Markos Palaiologos Iagaris or Iagros (Greek: Μάρκος Παλαιολόγος Ἰάγαρης/Ἴαγρος) was a Byzantine aristocrat and diplomatic envoy.
He first appears in Constantinople in 1401, qualified as an oikeios of the emperor.[1] In 1417 he was possibly sent on a diplomatic mission to the Venetians in the Morea.[1] In 1422 and again in 1429 he was sent by Emperor John VIII Palaiologos as an envoy to the Ottoman Sultan Murad II. At the time he had the relatively lowly rank of protovestiarites, but was quickly promoted to protostrator and then to the senior rank of megas stratopedarches, which he held already during his mission in 1430 to Pope Martin V.[1][2] During his return from the mission to the Pope, on orders from the Emperor, he raised Thomas Palaiologos to the rank of Despot in the Morea.[1] He led two more missions abroad, one in 1433 to Pope Eugene IV, and one in 1438 to Venice.[1]
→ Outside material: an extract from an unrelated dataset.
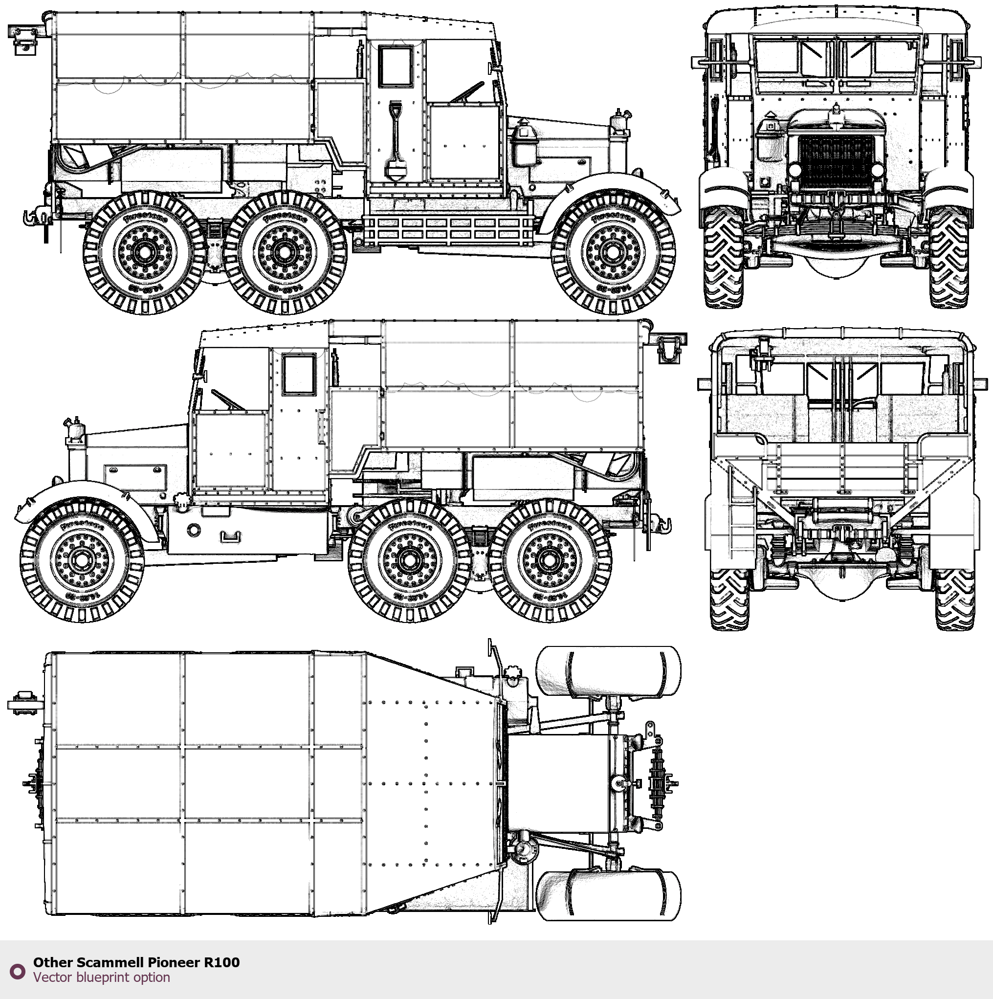 Raster blueprint of the Other Scammell Pioneer R100 Heavy Truck. This free downloadable image can be used for graphic projects, digital design, and 3D modeling. The file provides accurate exterior proportions of the vehicle. Body type: Heavy Truck.

According to Rodolphe Guilland, he was married to an unnamed lady from the Petraliphas family, and was likely the brother of another high official, Manuel Palaiologos Iagaris.[2]
References
Sources
- Guilland, Rodolphe (1967). "Le Protostrator". Recherches sur les institutions byzantines, Tome I (in French). Berlin: Akademie-Verlag. pp. 478–497.
- Trapp, Erich; Beyer, Hans-Veit; Walther, Rainer; Sturm-Schnabl, Katja; Kislinger, Ewald; Leontiadis, Ioannis; Kaplaneres, Sokrates (1976–1996). Prosopographisches Lexikon der Palaiologenzeit (in German). Vienna: Verlag der Österreichischen Akademie der Wissenschaften. ISBN 3-7001-3003-1.